According to my highly reliable source of television documentaries, cults with polygamy pretty much always get into oppressing women and sexually assaulting underage girls. There are always the stupid dresses and the stupid hair braids and the gross old man “prophets.” The girls and women are just breeding property who do all the cooking and cleaning while the men are constantly doing construction work. What are they always building? My best guesses are temples for invasive ceremonies, warehouses for homeschool curricula and armories to fend off the feds when they come to rescue the girls and arrest the prophet. 


Charismatic leaders

I realize a lot of cult members were born into them and know nothing else. But then there are the people who are just living their lives and come across the coo-coo teachings of some guy and are like, “Yup, I should leave my family and friends, get a bowl cut, go live off the grid and give all my money to that guy!” How does that happen? It is such an intriguing psychological phenomenon: both the characteristics of the leader and the characteristics of the people who get sucked in by them. 

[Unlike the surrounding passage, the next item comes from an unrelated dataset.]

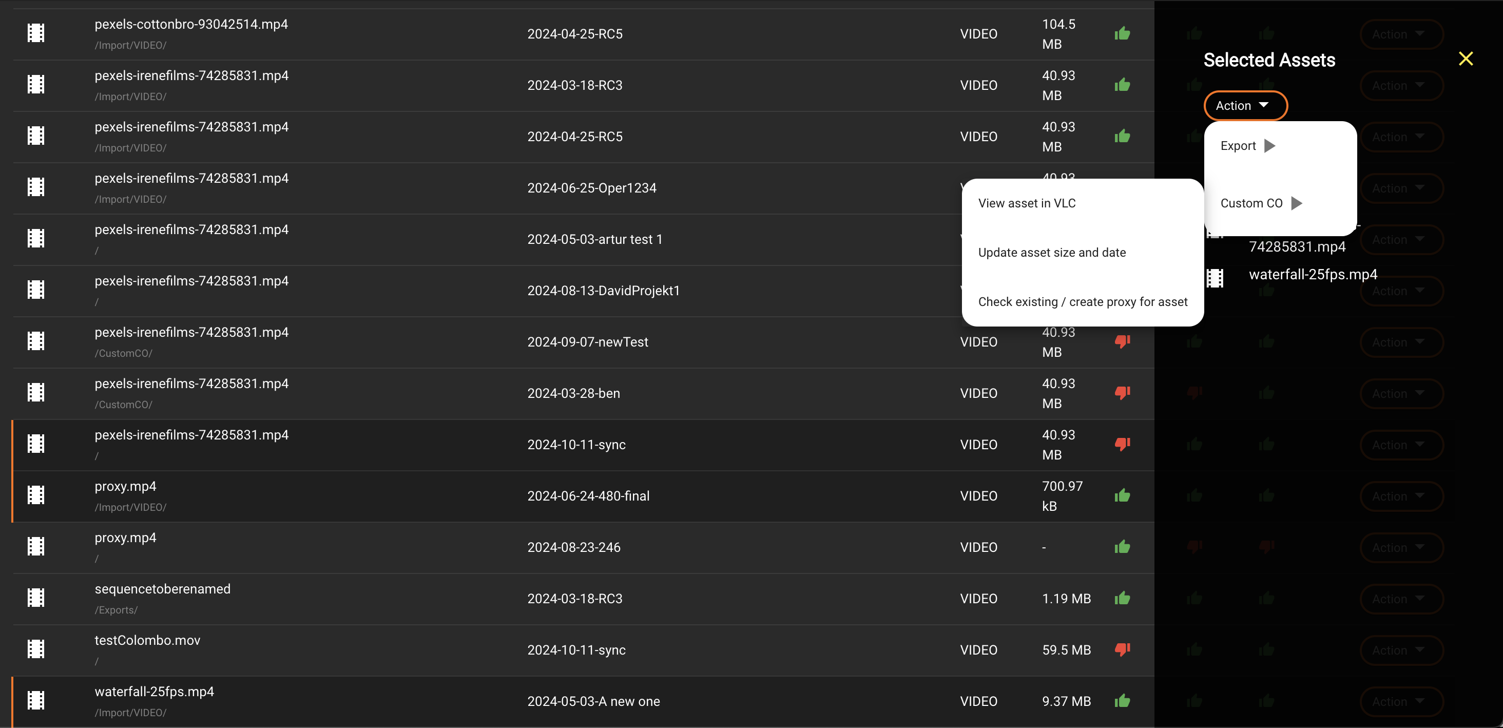 It is also possible to select multiple assets by holding down the Shift or Command key, enabling the execution of specific actions on the selected assets.

You know what would make me want to join a cult? Mandatory daily naps, an ever-ready supply of Dippin’ Dots, a kitten room and someone else who makes dinner for your unappreciative children. Maybe these are just part of the benefits package at some Silicon Valley companies. 



I realize cults have destroyed the lives of many people and families. They traffic in shame and aim to quash critical thinking. I just want to wrap my arms around those people who have managed to escape. I want to tell them about the real, amazing grace the loving God offers and enroll them in a community college debate class. And ladies, you don’t have to share your man with anyone else. You can even wear pants.